Note on the material below: return exactly the lines from the line that holds "Confederation Parkway begins" through the line that holds "Gemeinsam mit dem Staatschor", and leave out each picture.

* DATA FOR ANALYSIS:
__________________________________________________
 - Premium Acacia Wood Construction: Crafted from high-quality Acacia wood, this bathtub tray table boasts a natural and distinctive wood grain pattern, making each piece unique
__________________________________________________
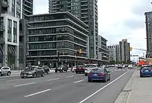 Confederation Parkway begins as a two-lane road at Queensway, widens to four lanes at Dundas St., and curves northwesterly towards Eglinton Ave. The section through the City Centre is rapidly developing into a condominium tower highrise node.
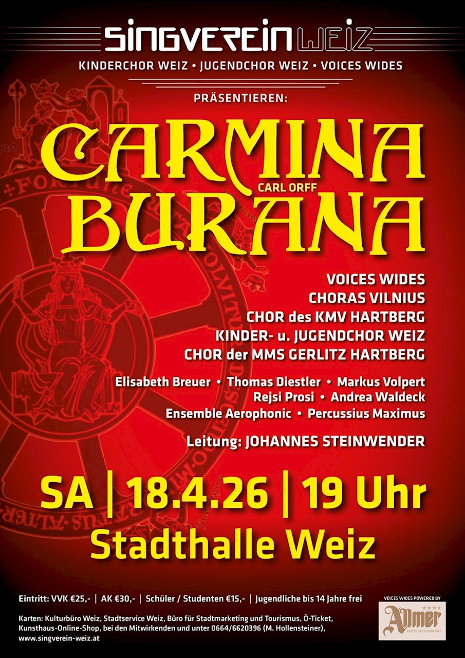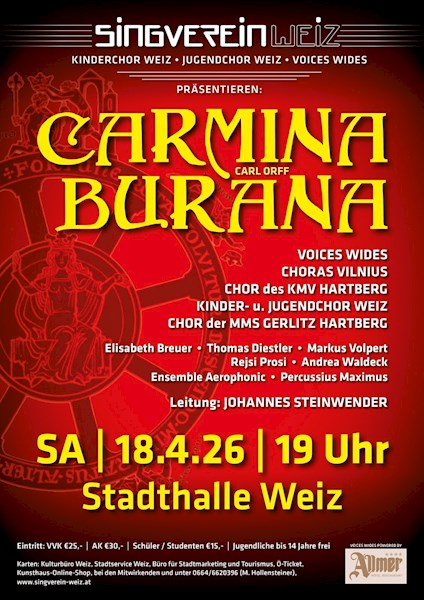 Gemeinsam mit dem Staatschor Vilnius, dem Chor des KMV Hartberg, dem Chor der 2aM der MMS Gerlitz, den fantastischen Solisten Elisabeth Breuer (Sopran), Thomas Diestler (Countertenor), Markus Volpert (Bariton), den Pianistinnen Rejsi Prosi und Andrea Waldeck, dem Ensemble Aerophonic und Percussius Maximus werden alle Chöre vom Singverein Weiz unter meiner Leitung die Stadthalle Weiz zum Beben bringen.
__________________________________________________
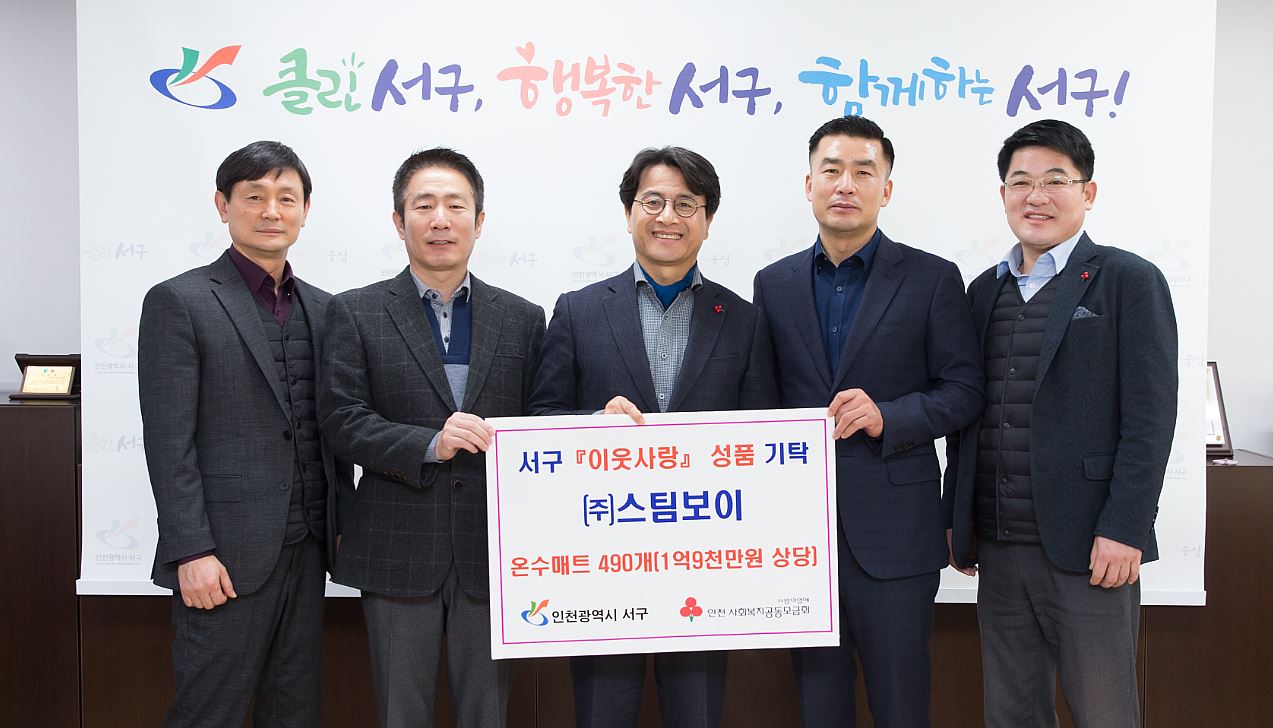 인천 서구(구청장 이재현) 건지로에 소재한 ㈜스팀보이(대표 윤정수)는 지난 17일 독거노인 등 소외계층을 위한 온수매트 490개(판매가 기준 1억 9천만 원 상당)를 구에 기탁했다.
__________________________________________________
* RESPONSE TO THIS EXERCISE:
 Confederation Parkway begins as a two-lane road at Queensway, widens to four lanes at Dundas St., and curves northwesterly towards Eglinton Ave. The section through the City Centre is rapidly developing into a condominium tower highrise node.
 Gemeinsam mit dem Staatschor Vilnius, dem Chor des KMV Hartberg, dem Chor der 2aM der MMS Gerlitz, den fantastischen Solisten Elisabeth Breuer (Sopran), Thomas Diestler (Countertenor), Markus Volpert (Bariton), den Pianistinnen Rejsi Prosi und Andrea Waldeck, dem Ensemble Aerophonic und Percussius Maximus werden alle Chöre vom Singverein Weiz unter meiner Leitung die Stadthalle Weiz zum Beben bringen.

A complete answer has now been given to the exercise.